Numbers 9 And 11, Garden Wall And Outhouse Adjoining To Rear is a Grade II listed building in the North Lincolnshire local planning authority area, England. First listed on 6 January 1987. Houses with garden wall and outhouse. 1 related planning application.
Numbers 9 And 11, Garden Wall And Outhouse Adjoining To Rear
- WRENN ID
- quartered-wicket-autumn
- Grade
- II
- Local Planning Authority
- North Lincolnshire
- Country
- England
- Date first listed
- 6 January 1987
- Type
- Houses with garden wall and outhouse
- Source
- Historic England listing
Description
A pair of houses with a garden wall and outhouse to the rear, dating from the 1870s and built for the Winn Estate. The houses and outhouse are constructed of dressed limestone with red brick dressings and yellow brick details, and have pantile roofs. The garden wall is of red brick. The layout is U-shaped, with each house featuring an entrance hall leading to a central range, a front parlour, and a rear kitchen/pantry in a side wing.
The houses are two storeys high, with three windows on each first floor. The central range has a single-window design with entrances recessed in the angles, flanked by projecting gabled wings. Features include a chamfered plinth and raised quoins. The front doors are board doors in chamfered wooden frames, set beneath porches with sloping roofs supported by corbelled timber brackets. A three-light window is centrally positioned, with similar three-light windows in the side wings. A three-course band runs along the first floor, featuring a central cogged yellow brick course. Smaller first-floor windows are present above. All windows have wooden mullions and glazing bars within raised brick surrounds, with painted sills and rubbed-brick cambered arches, except for the first-floor centre window, which has a weatherboarded gable that breaks the eaves line.
A three-course stepped and cogged brick eaves cornice is prominent in the central section, extending as raking cornices to the wings, forming broken pediments to the gables with overhanging eaves and plain bargeboards.
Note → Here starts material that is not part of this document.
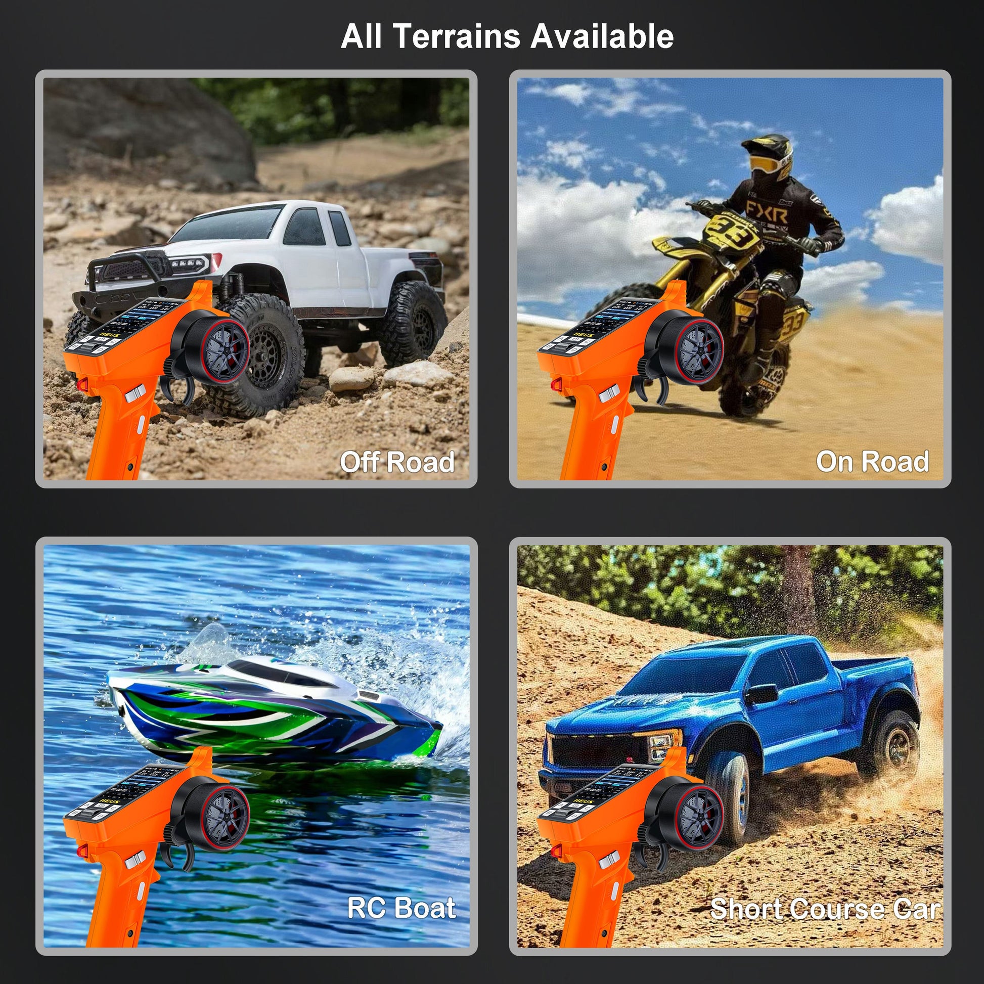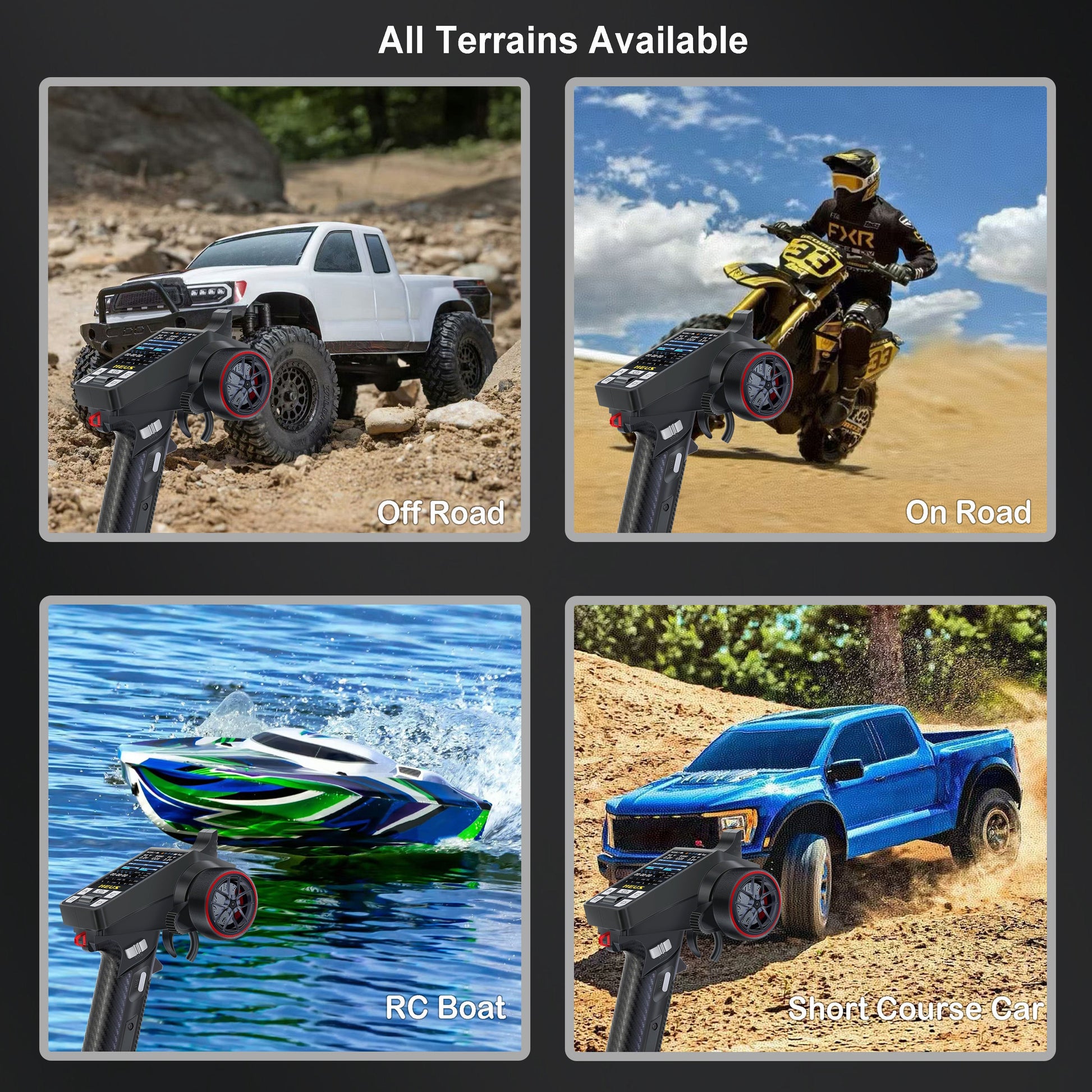 - 【All Terrains Available】This RC transmitter and receiver kit can be used for off-road, on-road use, e.g., RC crawler, RC short course car, RC boat, RC motorcycle, etc., and various scale models, e.g., 1/5, 1/8, 1/10, 1/18, 1/24 scales.

The projecting stacks to the left and right returns have quoins, ashlar offsets, red and yellow brick lozenge panels, brick bands, and cornices to the upper sections; four original square-section crested pots are present on the left, and two on the right. Side walls flanking the stacks feature pairs of large interlocking brick lozenge panels on the ground floor, a cogged brick bond on the first floor, sets of three small lozenge panels, and a cogged brick eaves cornice.
A brick-coped wall separating the gardens connects with a single-storey outhouse featuring a plinth, quoins, board doors, cogged brick eaves and raking cornices similar to the houses. This example is part of a series of houses built in the village for Rowland Winn of Nostell, later Lord St Oswald, based on plans published by the Salopian Society.